YOUR INSTRUCTIONS:
An exact restatement of the data is required, with the images omitted.

EXTRACTED ENTRIES:
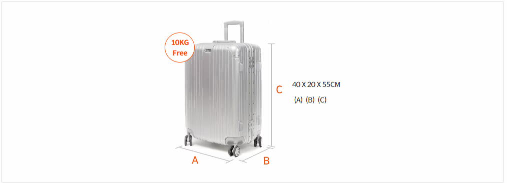 - 기내 수하물: 가로 55cm × 세로 40cm × 높이 20cm
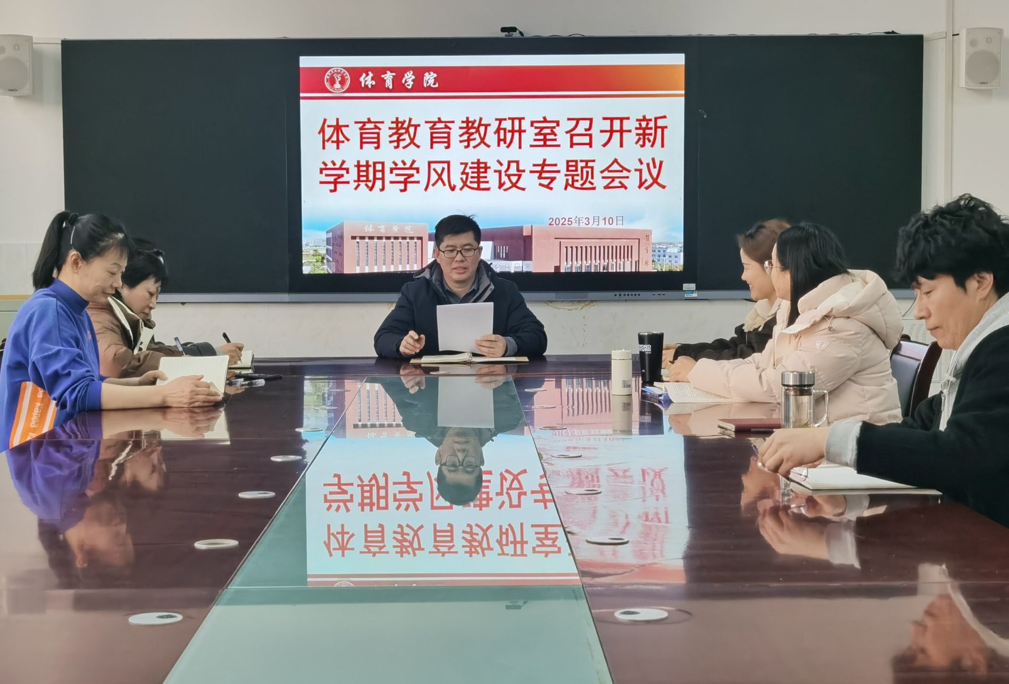 为深入贯彻落实体育学院关于学风建设的文件精神,进一步强化体育教学管理,提升教学质量,3月10日,体育教育教研室组织召开新学期学风建设专题会议。会议由教研室主任徐光辉主持,体育教育教研室全体教师参加会议。
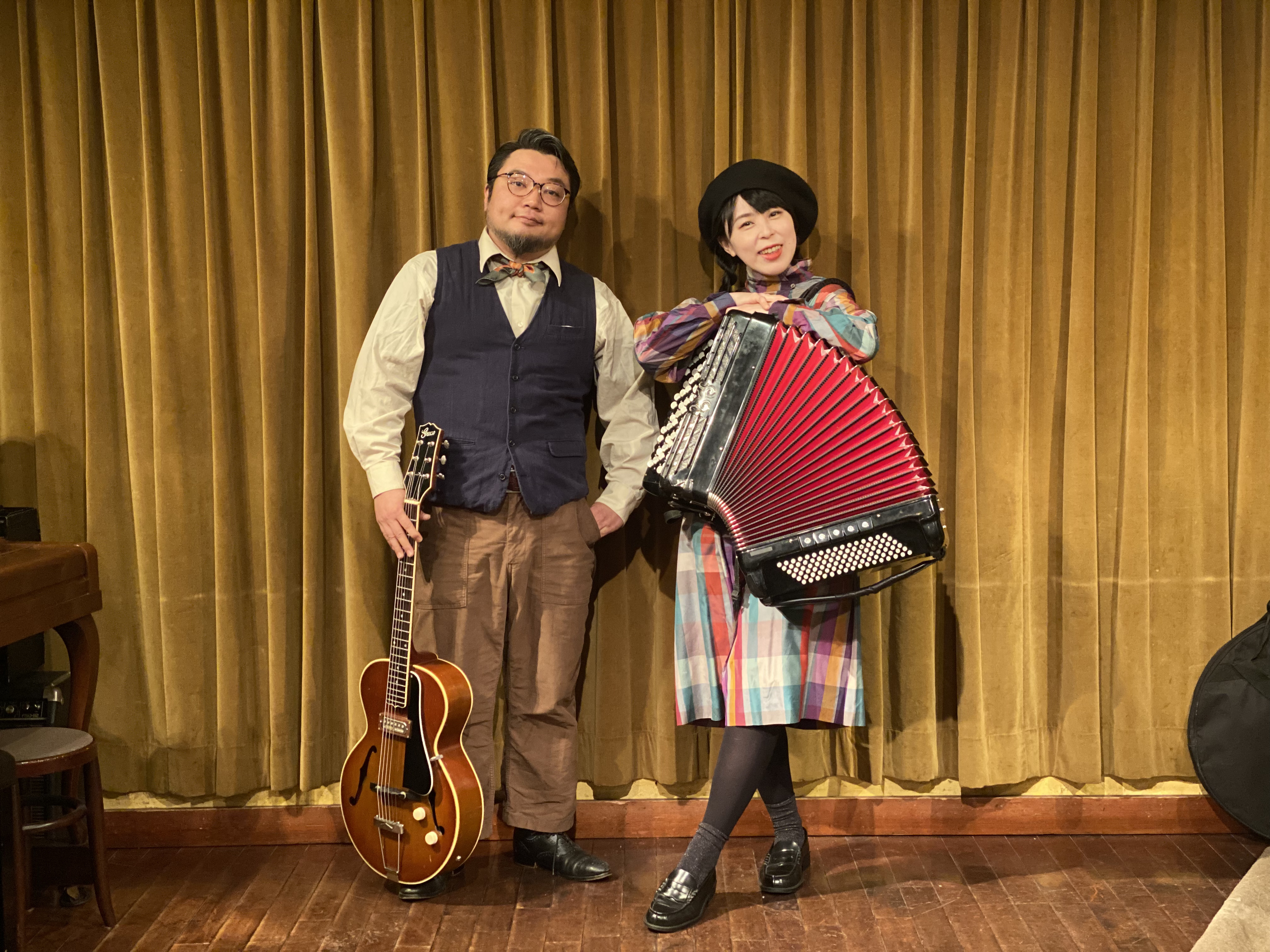19世紀から20世紀初頭の大衆音楽を独自のアレンジで演奏する集団。ギタリスト井上大地を中心に、竹廣類(アコーディオン)、服部将典(コントラバス)、大澤公則(ドラム)らによる編成で活動。2020年結成以来、東京近郊で定期的にパフォーマンスを行う。今回は井上と竹廣によるデュオスタイルで参加。
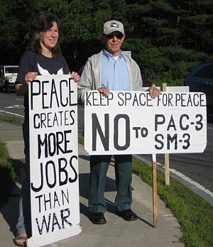 These systems are now being deployed surrounding Russia and China Our 19th annual space organizing conference, entitled Raytheon, Missile Offense, & Endless War: Working Together to Demilitarize and Create a Sustainable Future, began on Friday, June 17 with a 1½ hour afternoon vigil outside the gates of Raytheon in Andover, Massachusetts. Over 65 people joined us at the gates as the workers poured out of Raytheon in their cars. Luckily the rain did not pour down upon us as we stood under threatening skies. It is known that 4,500 people work at the Andover facility where they build “missile defense” systems like the PAC-3 (ground-based launchers) and SM-3 (Aegis destroyer based) interceptor missiles that are now being deployed near the borders of Russia and China. Conference
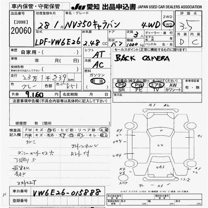 NISSAN NV350 CARAVAN 4WD 3 PERSON - лот 20060
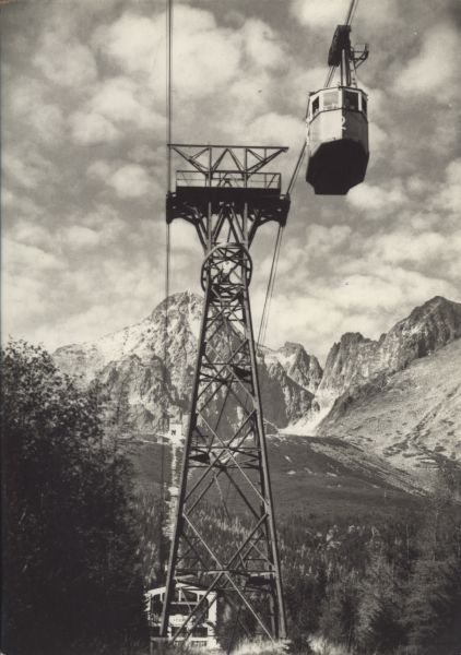 Tatry Wysokie - Kolej linowa nad Łomnicki Staw, w dole stacja pośrednia Start w tle Łomnica. Tytuł również w języku: ros., niem., ang.

RESULT OF THIS EXERCISE:
 - 기내 수하물: 가로 55cm × 세로 40cm × 높이 20cm
 为深入贯彻落实体育学院关于学风建设的文件精神,进一步强化体育教学管理,提升教学质量,3月10日,体育教育教研室组织召开新学期学风建设专题会议。会议由教研室主任徐光辉主持,体育教育教研室全体教师参加会议。
19世紀から20世紀初頭の大衆音楽を独自のアレンジで演奏する集団。ギタリスト井上大地を中心に、竹廣類(アコーディオン)、服部将典(コントラバス)、大澤公則(ドラム)らによる編成で活動。2020年結成以来、東京近郊で定期的にパフォーマンスを行う。今回は井上と竹廣によるデュオスタイルで参加。
 These systems are now being deployed surrounding Russia and China Our 19th annual space organizing conference, entitled Raytheon, Missile Offense, & Endless War: Working Together to Demilitarize and Create a Sustainable Future, began on Friday, June 17 with a 1½ hour afternoon vigil outside the gates of Raytheon in Andover, Massachusetts. Over 65 people joined us at the gates as the workers poured out of Raytheon in their cars. Luckily the rain did not pour down upon us as we stood under threatening skies. It is known that 4,500 people work at the Andover facility where they build “missile defense” systems like the PAC-3 (ground-based launchers) and SM-3 (Aegis destroyer based) interceptor missiles that are now being deployed near the borders of Russia and China. Conference
 NISSAN NV350 CARAVAN 4WD 3 PERSON - лот 20060
 Tatry Wysokie - Kolej linowa nad Łomnicki Staw, w dole stacja pośrednia Start w tle Łomnica. Tytuł również w języku: ros., niem., ang.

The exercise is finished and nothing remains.